ELECTRONICS AND TELECOMMUNICATIONS RESEARCH INSTITUTE

Inventor(s)

Ji Eun Yu of Seoul (KR)

Kwang Myeong Yang of Seoul (KR)

Kyu Yeon Lee of Seoul (KR)

Cha Hyeon Eom of Seoul (KR)

Hyung Je Lee of Seoul (KR)

Chung Yong Lee of Seoul (KR)

Duk Hyun You of Daejeon (KR)

Hoon Dong Noh of Daejeon (KR)

OPTIMIZATION METHOD AND APPARATUS IN UNMANNED AERIAL VEHICLE BASED COMMUNICATION NETWORK - A simplified explanation of the abstract

This abstract first appeared for US patent application 18523561 titled 'OPTIMIZATION METHOD AND APPARATUS IN UNMANNED AERIAL VEHICLE BASED COMMUNICATION NETWORK

Simplified Explanation

The abstract describes a method for a communication node to initiate a collection procedure of training data for a neural network, train the neural network, determine optimal network parameters, and communicate with another node using these parameters.

  • Transmit initiation signal to start training data collection
  • Send network parameters to second node
  • Receive training data from second node
  • Train neural network with the data
  • Determine optimal network parameters
  • Communicate with second node using optimal parameters

Potential Applications

This technology can be applied in various fields such as:

  • Internet of Things (IoT) devices
  • Autonomous vehicles
  • Robotics

Problems Solved

This technology helps in:

  • Improving communication efficiency
  • Enhancing network performance
  • Facilitating data training processes

Benefits

The benefits of this technology include:

  • Faster data training for neural networks
  • Optimized network parameters for improved performance
  • Enhanced communication capabilities between nodes

Potential Commercial Applications

This technology can be utilized in:

  • Telecommunication networks
  • Smart home devices
  • Industrial automation systems

Possible Prior Art

One possible prior art could be the use of similar methods in the field of machine learning and artificial intelligence research.

What are the potential security implications of implementing this technology?

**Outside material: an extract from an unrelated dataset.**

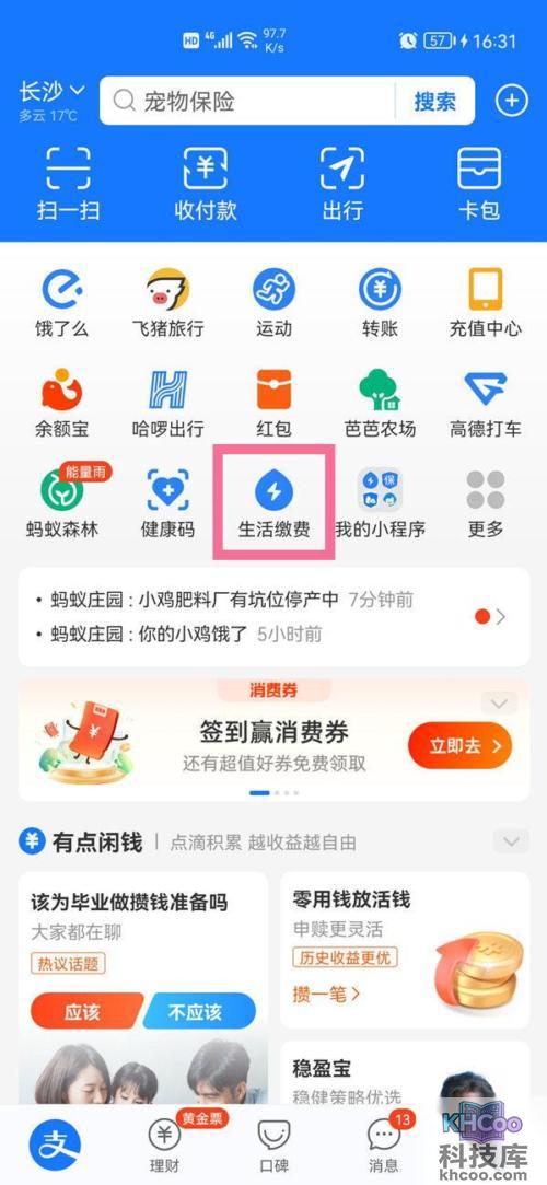 1、打开支付宝首页,点击进入 生活缴费 。

Implementing this technology could raise concerns about data privacy and security, especially when training data is being transmitted between nodes. Ensuring secure communication protocols and encryption methods would be crucial to mitigate these risks.

How scalable is this technology for large-scale networks?

The scalability of this technology for large-scale networks would depend on factors such as the processing power of the nodes, the efficiency of the training algorithms, and the network infrastructure. Further research and development may be needed to optimize the scalability of this technology for complex networks.


Original Abstract Submitted

A method of a first communication node may comprise: transmitting, to a second communication node, an initiation signal indicating to initiate a collection procedure of training data for a neural network; transmitting, to the second communication node, an information signal including network parameters of the first communication node; receiving, from the second communication node, the training data in response to the information signal; training the neural network using the training data; determining optimal network parameters using the trained neural network; and performing communication with the second communication node using the optimal network parameters.